Os dois burros e a raposa
Certa vez um burro foi convencido por uma raposa de que, se quisesse, poderia vencer até mesmo um leão se lhe pisasse em cima, e, então, se tornaria o rei da floresta. A raposa preparou-lhe o momento para o ataque, enquanto o leão descansava sozinho. Na última hora, quando o burro saía de trás da moita, uma burrinha manca, que ouvira a conversa de ambos, se aproxima.
- Não - sussurra. - Não vês que teus pobres pés, como os meus, não são páreos nem para matar esta raposa?

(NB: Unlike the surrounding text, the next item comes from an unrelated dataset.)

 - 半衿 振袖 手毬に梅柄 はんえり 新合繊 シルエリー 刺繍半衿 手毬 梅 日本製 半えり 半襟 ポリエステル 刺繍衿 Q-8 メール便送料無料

O burro se apieda do mancar da burrinha que corria atrapalhada em seu socorro.
Mas a raposa se enfurece.
- Quem você acha que é, sua burra aleijada?
O burro, tomado de raiva, espanta a raposa com os pés. Ela se atrapalha e cai fora do arbusto, de frente para o leão. Este acorda e, bem servido, devora a raposa. Enquanto isso, fogem juntos o burro e a burrinha manca.

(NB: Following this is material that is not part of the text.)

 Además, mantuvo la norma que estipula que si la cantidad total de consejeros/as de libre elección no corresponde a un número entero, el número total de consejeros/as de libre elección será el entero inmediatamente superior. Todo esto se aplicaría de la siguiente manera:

- Eu vou te ajudar, como você me ajudou - diz o burro.
Moral: Assim também somos tentados, pelo desejo de sermos mais do que somos, a fazer algo que nos destruirá.
A moral está sintetizando o enredo de crime e castigo. Há vários sub-enredos: a história do Marmeládov, o pai bêbado de Sônia, da esposa de Marmeladov, de Svidrigailov, da Dúnia, irmã de Raskolnikov, de Razumíkin etc.. Um romance é a somatória desses enredos de modo harmônico e, no bom romance, esses sub-enredos complementam também a "moral principal". Isto é, como no conto, tal como proposto por Edgar Allan Poe em sua filosofia da composição, mas menos rígido porque diluído, as partes são escolhidas para complementar o efeito de conjunto.

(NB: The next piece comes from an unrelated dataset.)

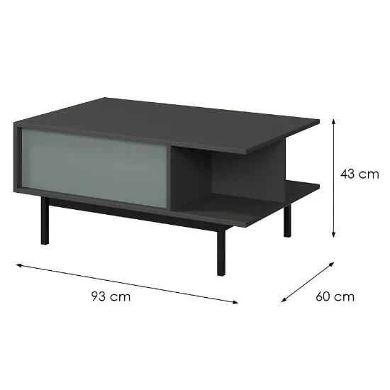 Ława Alsy 12 w kolorze aloes/antracyt to oryginalne zestawienie barw, które wnosi świeżość i nowoczesność do wnętrza. Idealna do salonów w stylu industrialnym lub modern, łączy praktyczność z niebanalnym designem.

A fábula prescinde de todos esses elementos por mirar diretamente no alvo, isto é, a situação-raiz que forma essa mesma "moral" [o sentido abstrato da obra]. Tendo a fábula, dá pra se compor o conto ou o romance, e vice-versa.
Como nos casos mostrados acima, eu posso pegar uma situação, como, sei lá, "uma mãe solteira que larga os filhos para ir se divertir", ou o contrário "uma mãe solteira que se sacrifica para cuidar dos filhos", ou "o filho que se revolta com sua espécie por ser muito sexualizada e deseja ser superior" [mgtow], e assim sucessivamente. É possível inclusive inventar novos animais caso haja interesse: a vaca, por exemplo, que é mais passiva apesar de poder usar seu peso a seu favor [e come grama]; o touro pra representar a fúria quando se acumula; borboleta [como o patinho feio] é o clássico símbolo para representar transformação, e assim sucessivamente, conforme a criatividade do compositor. A gente sabe quais são os animais principais, então as invenções podem ser reconhecidas como "traços modernos", e isso também pode ser levado em conta na hora de inventar enredos.
Outra opção é pegar enredos nos quais você esteja trabalhando e adaptá-lo pra forma. Esse tipo de exercício ajuda inclusive a pensar em soluções pro seu enredo.